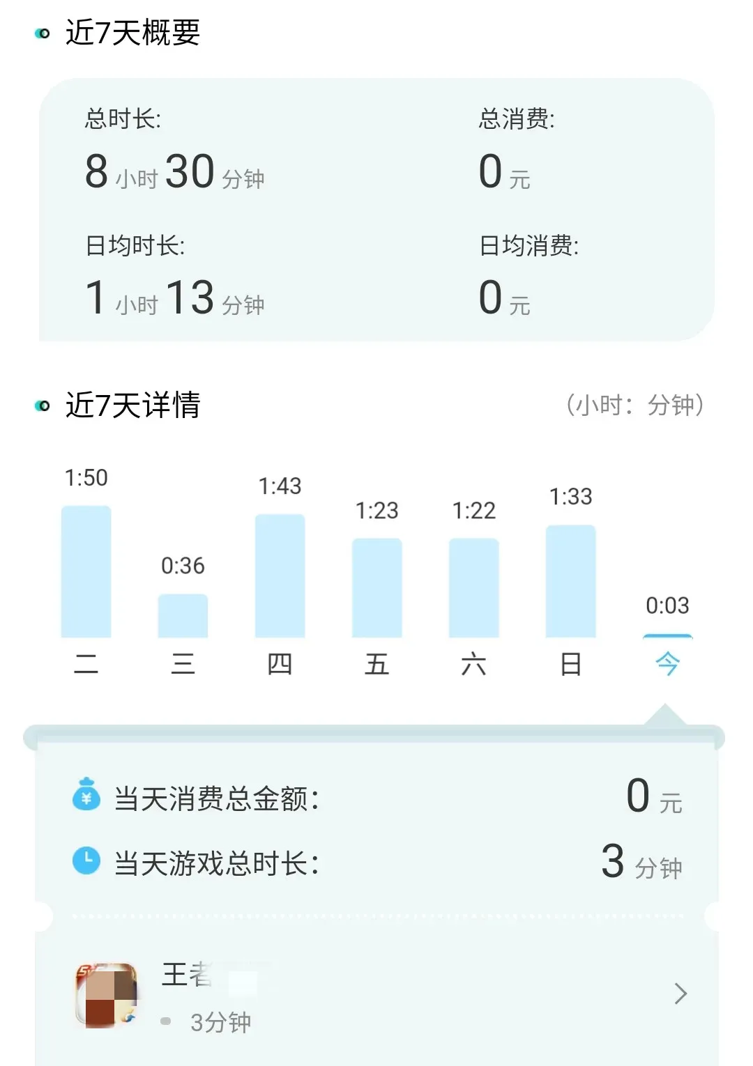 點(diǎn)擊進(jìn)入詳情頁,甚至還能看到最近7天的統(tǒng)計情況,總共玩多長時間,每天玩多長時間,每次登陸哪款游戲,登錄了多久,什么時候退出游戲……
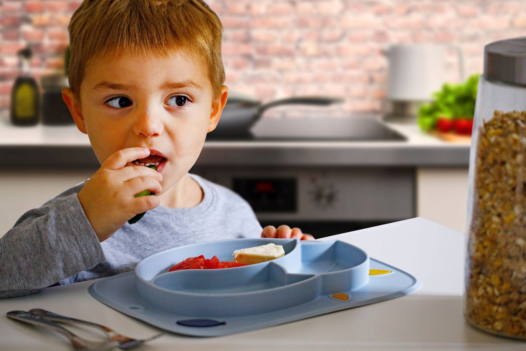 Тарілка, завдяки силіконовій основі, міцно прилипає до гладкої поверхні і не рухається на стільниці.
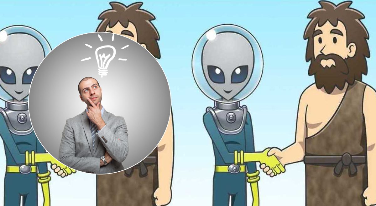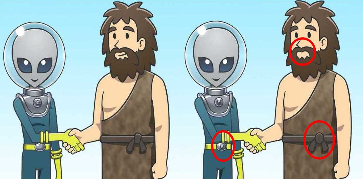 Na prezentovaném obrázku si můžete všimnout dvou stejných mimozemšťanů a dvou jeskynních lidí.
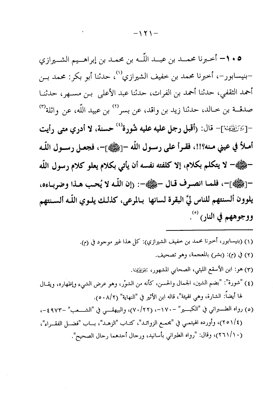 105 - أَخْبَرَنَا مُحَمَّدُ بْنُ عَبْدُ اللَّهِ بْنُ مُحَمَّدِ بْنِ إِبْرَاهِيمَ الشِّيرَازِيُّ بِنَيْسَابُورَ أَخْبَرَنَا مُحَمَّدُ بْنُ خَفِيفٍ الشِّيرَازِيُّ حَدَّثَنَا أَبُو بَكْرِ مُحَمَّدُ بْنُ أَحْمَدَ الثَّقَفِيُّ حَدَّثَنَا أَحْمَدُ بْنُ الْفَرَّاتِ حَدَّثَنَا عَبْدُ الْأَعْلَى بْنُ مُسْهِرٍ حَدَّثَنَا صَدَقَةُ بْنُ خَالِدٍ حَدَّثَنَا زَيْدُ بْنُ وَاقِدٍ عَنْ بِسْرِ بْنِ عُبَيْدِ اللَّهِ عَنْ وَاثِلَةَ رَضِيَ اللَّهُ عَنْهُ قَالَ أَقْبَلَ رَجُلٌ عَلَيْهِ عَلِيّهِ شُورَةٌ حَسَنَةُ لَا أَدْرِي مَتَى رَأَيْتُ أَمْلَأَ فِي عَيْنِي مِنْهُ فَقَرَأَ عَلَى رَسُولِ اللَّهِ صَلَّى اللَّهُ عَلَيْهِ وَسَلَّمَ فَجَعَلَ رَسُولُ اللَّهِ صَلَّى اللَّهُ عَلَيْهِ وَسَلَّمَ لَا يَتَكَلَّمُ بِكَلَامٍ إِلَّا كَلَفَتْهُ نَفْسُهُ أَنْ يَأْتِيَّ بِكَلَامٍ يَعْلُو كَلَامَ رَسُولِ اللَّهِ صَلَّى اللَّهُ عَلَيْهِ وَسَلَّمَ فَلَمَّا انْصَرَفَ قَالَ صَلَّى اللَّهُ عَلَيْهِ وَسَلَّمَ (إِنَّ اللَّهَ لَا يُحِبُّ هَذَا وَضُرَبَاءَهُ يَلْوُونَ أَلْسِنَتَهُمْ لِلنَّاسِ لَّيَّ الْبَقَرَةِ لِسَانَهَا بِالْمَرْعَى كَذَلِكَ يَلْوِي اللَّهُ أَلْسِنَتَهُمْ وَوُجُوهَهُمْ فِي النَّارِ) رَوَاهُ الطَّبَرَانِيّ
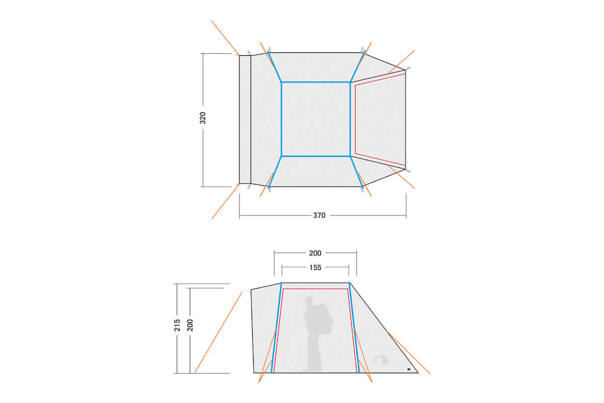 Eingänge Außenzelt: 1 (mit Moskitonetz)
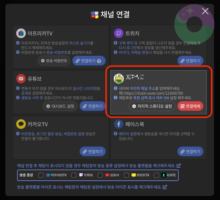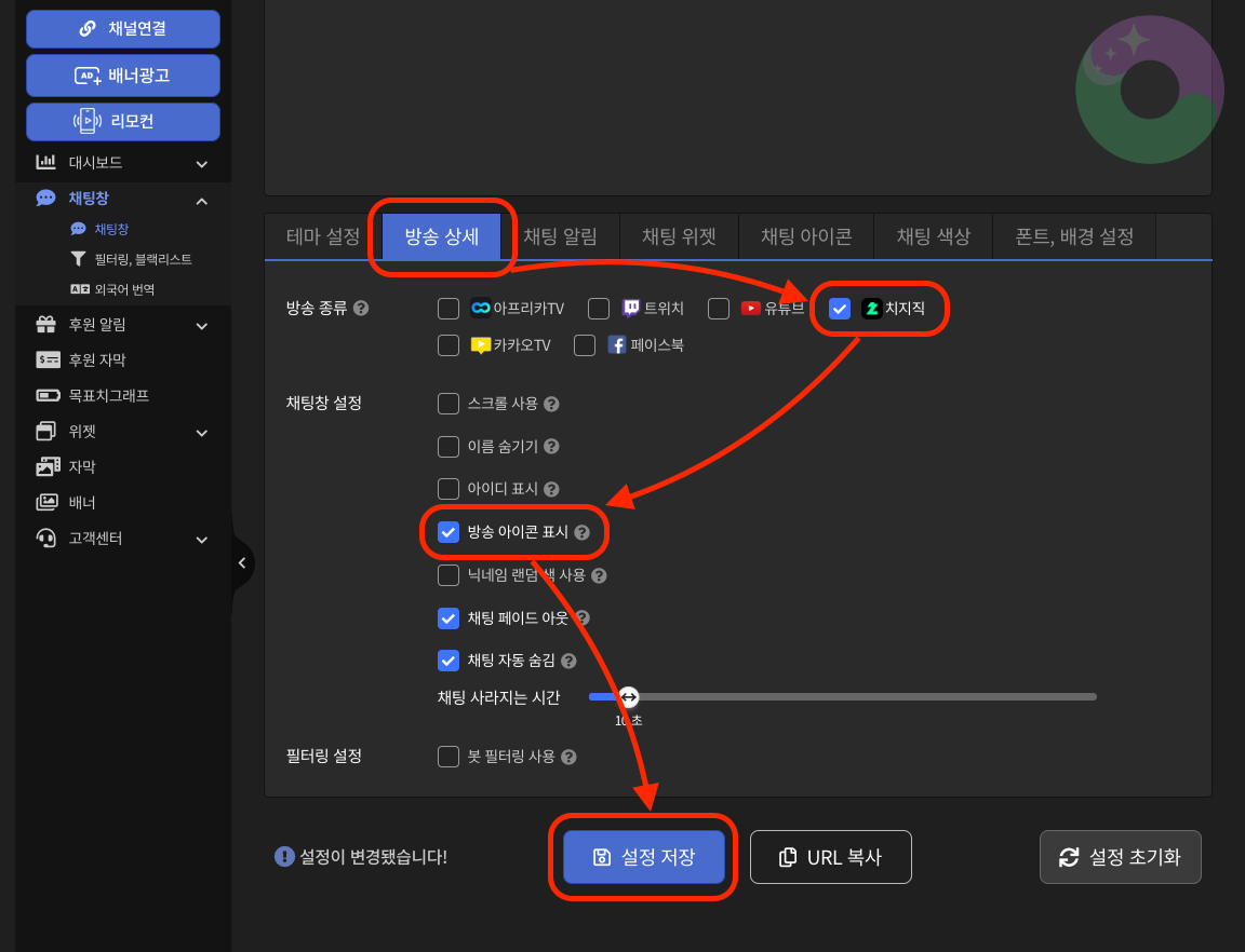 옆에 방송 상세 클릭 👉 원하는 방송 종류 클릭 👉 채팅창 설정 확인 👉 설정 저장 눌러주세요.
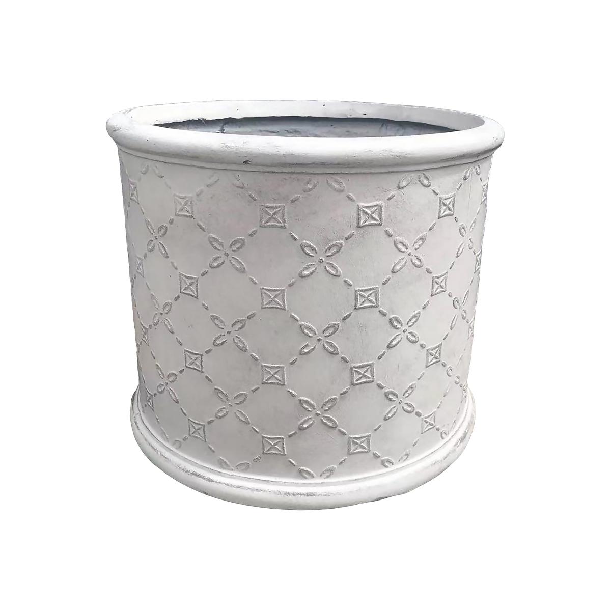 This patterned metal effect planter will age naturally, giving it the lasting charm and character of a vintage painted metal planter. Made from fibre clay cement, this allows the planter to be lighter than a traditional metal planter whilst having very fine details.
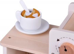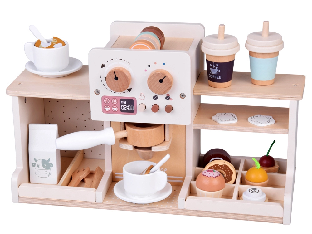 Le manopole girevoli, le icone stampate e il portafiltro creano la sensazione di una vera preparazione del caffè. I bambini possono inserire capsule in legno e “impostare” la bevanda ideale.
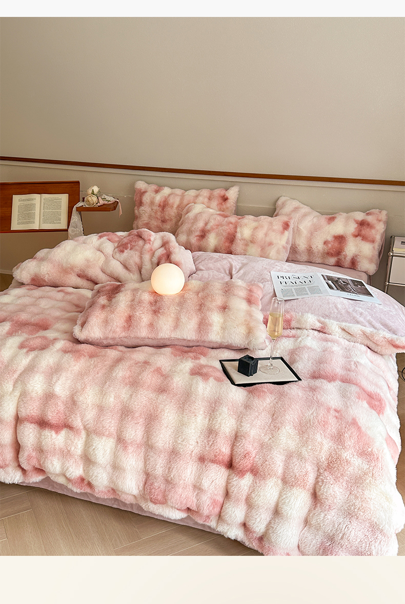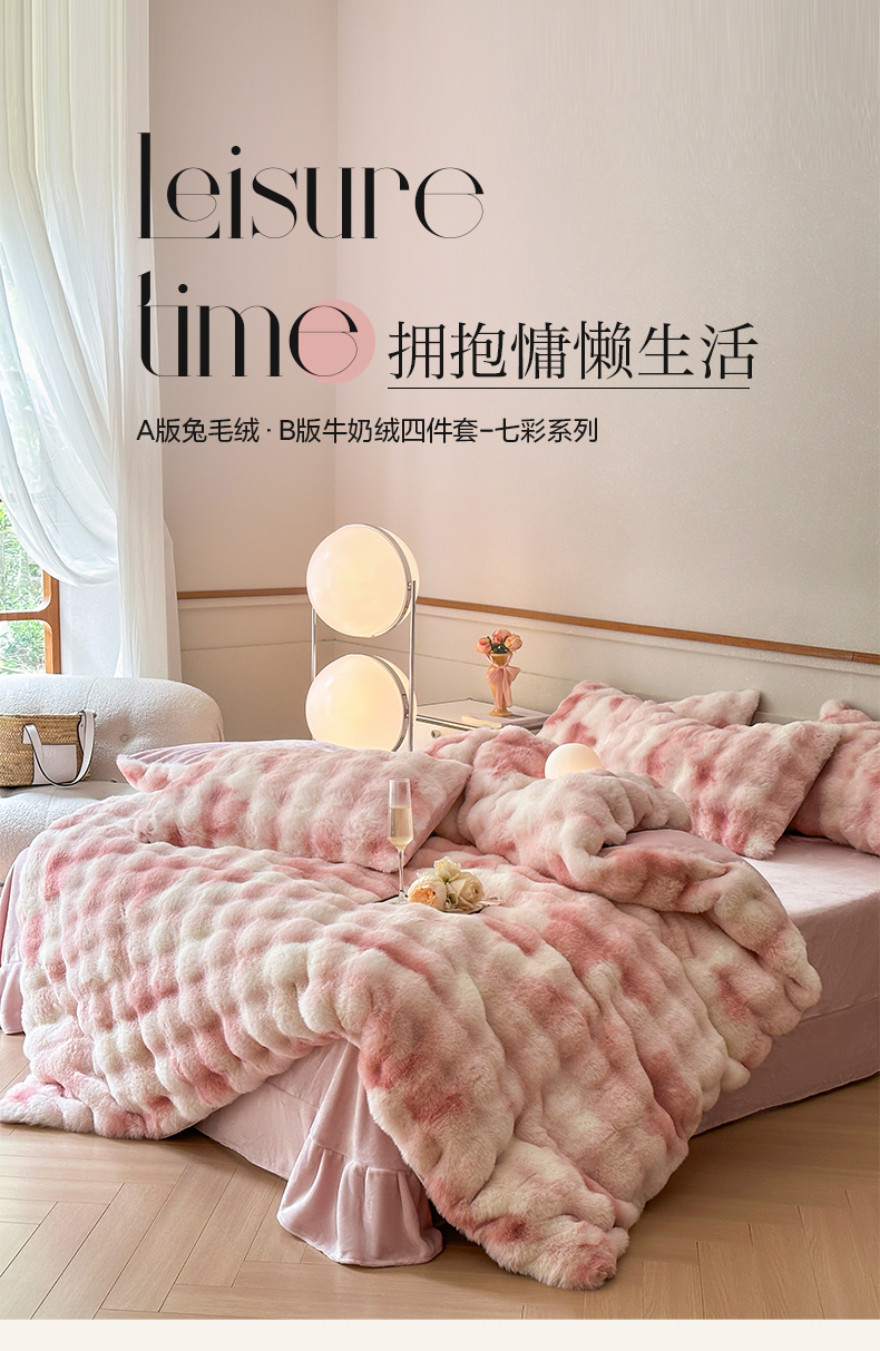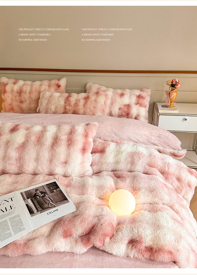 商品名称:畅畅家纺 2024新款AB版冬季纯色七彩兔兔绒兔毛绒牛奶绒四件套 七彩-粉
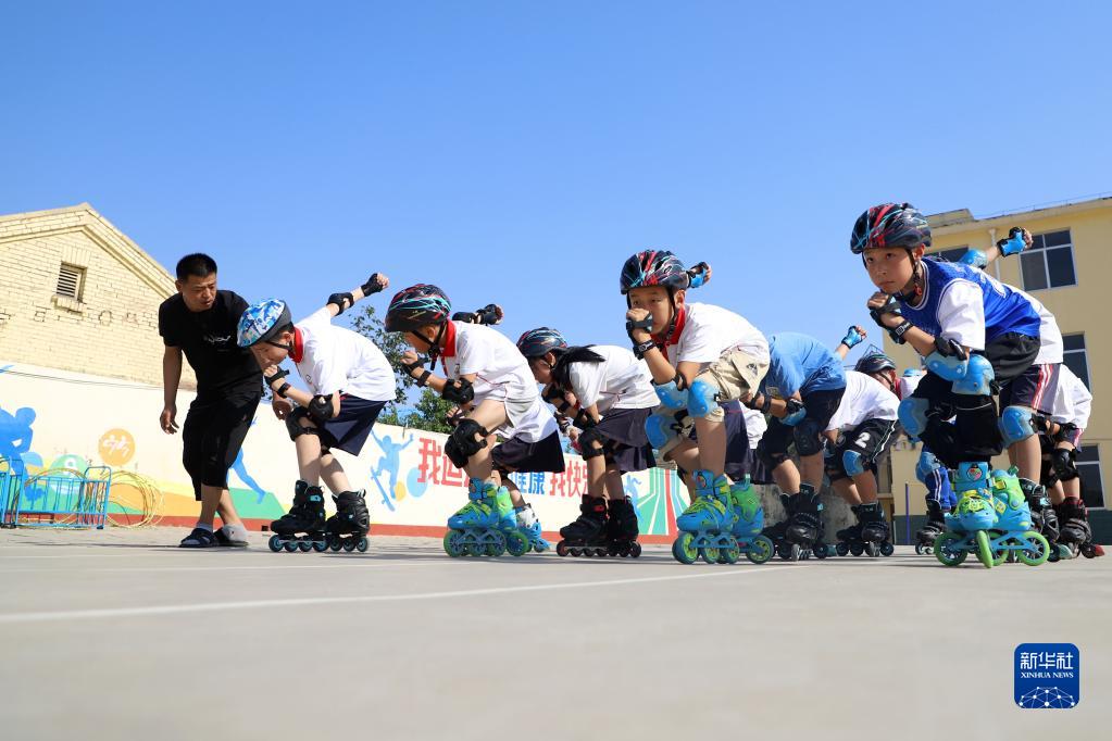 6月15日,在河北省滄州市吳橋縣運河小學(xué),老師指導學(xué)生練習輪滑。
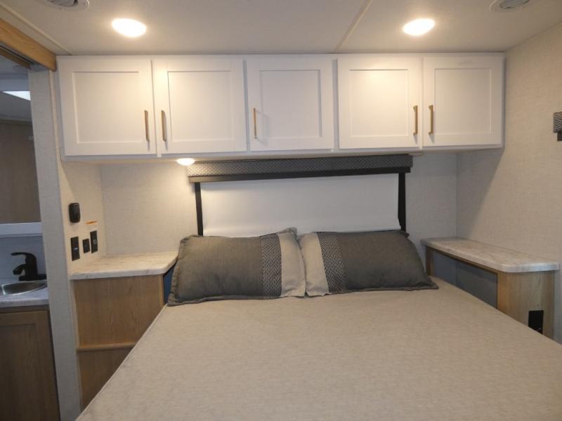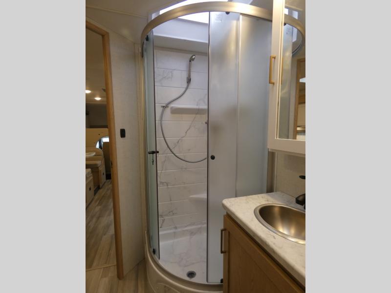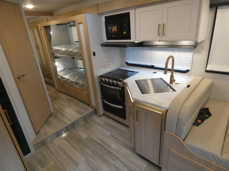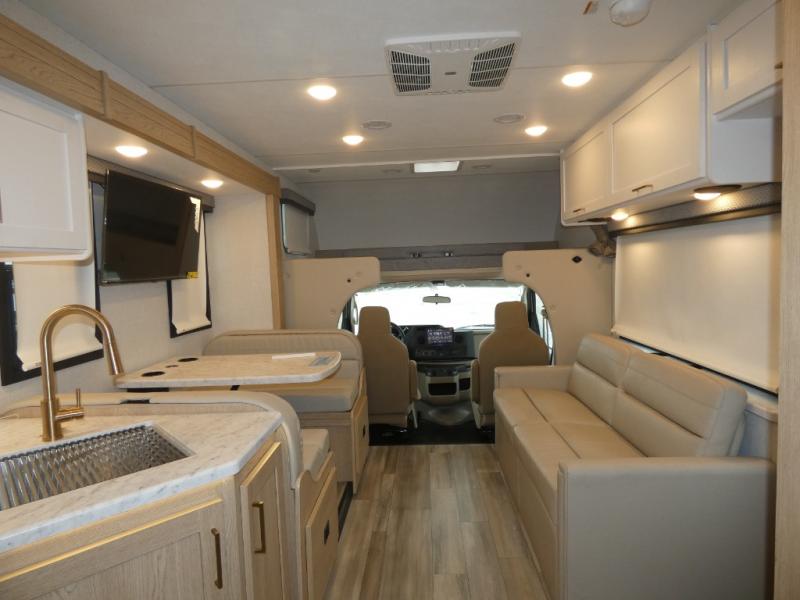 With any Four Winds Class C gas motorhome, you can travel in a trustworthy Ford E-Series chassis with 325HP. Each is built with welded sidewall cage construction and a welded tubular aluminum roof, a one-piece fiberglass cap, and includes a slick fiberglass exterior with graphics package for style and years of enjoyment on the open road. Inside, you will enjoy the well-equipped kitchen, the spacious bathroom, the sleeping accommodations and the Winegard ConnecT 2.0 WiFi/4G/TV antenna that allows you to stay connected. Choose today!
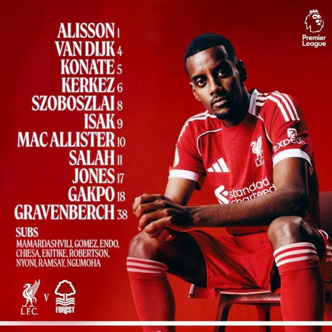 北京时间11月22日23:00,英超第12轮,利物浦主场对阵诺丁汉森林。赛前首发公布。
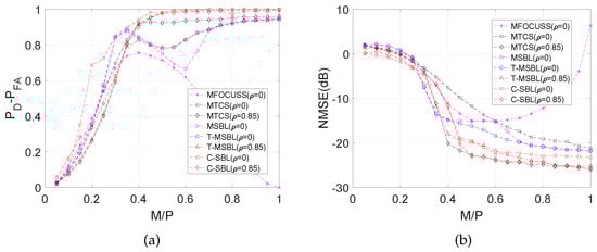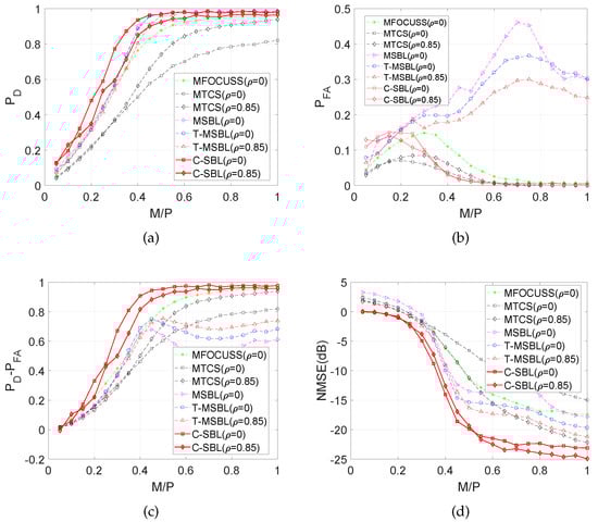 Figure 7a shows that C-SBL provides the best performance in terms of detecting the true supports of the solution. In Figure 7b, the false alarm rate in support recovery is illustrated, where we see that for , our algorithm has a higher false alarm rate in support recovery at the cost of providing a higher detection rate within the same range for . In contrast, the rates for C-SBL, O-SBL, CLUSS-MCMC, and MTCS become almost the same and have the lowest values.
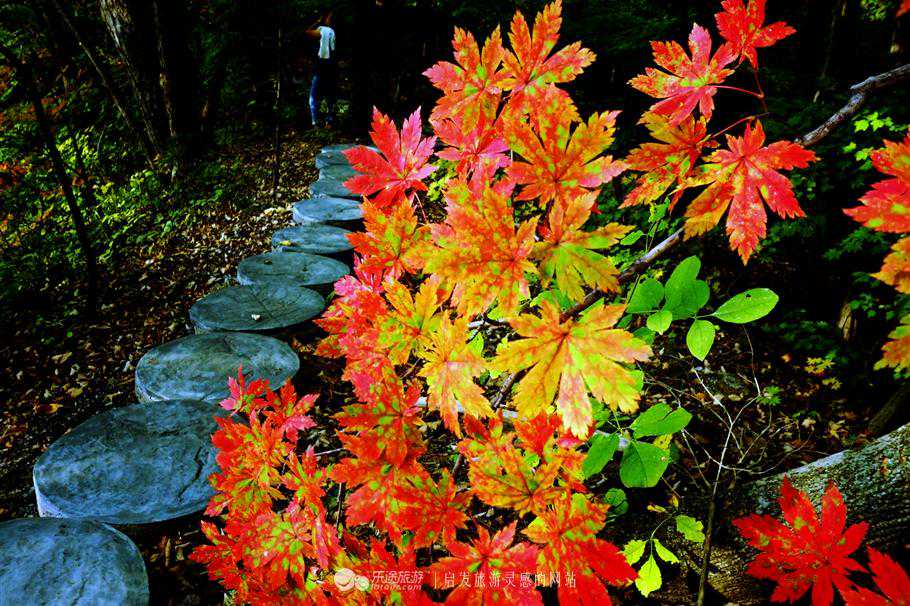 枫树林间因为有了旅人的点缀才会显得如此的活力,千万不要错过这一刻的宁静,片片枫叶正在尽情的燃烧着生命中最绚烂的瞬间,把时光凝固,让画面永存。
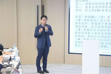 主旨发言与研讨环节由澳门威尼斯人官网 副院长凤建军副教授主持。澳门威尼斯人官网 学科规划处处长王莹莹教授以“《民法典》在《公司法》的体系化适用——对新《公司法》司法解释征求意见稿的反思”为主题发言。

§

> **INSTRUCTIONS FOR THE TASK**:
Lines from the one containing "商品名称:畅畅家纺 2024新款AB版冬季纯色七彩兔兔绒兔毛绒牛奶绒四件套 七彩-粉" through the end of the entries above, both included, are to be written out exactly; no pictures and no other lines.

> **EXERCISE RESULT**:
 商品名称:畅畅家纺 2024新款AB版冬季纯色七彩兔兔绒兔毛绒牛奶绒四件套 七彩-粉
 6月15日,在河北省滄州市吳橋縣運河小學(xué),老師指導學(xué)生練習輪滑。
 With any Four Winds Class C gas motorhome, you can travel in a trustworthy Ford E-Series chassis with 325HP. Each is built with welded sidewall cage construction and a welded tubular aluminum roof, a one-piece fiberglass cap, and includes a slick fiberglass exterior with graphics package for style and years of enjoyment on the open road. Inside, you will enjoy the well-equipped kitchen, the spacious bathroom, the sleeping accommodations and the Winegard ConnecT 2.0 WiFi/4G/TV antenna that allows you to stay connected. Choose today!
 北京时间11月22日23:00,英超第12轮,利物浦主场对阵诺丁汉森林。赛前首发公布。
 Figure 7a shows that C-SBL provides the best performance in terms of detecting the true supports of the solution. In Figure 7b, the false alarm rate in support recovery is illustrated, where we see that for , our algorithm has a higher false alarm rate in support recovery at the cost of providing a higher detection rate within the same range for . In contrast, the rates for C-SBL, O-SBL, CLUSS-MCMC, and MTCS become almost the same and have the lowest values.
 枫树林间因为有了旅人的点缀才会显得如此的活力,千万不要错过这一刻的宁静,片片枫叶正在尽情的燃烧着生命中最绚烂的瞬间,把时光凝固,让画面永存。
 主旨发言与研讨环节由澳门威尼斯人官网 副院长凤建军副教授主持。澳门威尼斯人官网 学科规划处处长王莹莹教授以“《民法典》在《公司法》的体系化适用——对新《公司法》司法解释征求意见稿的反思”为主题发言。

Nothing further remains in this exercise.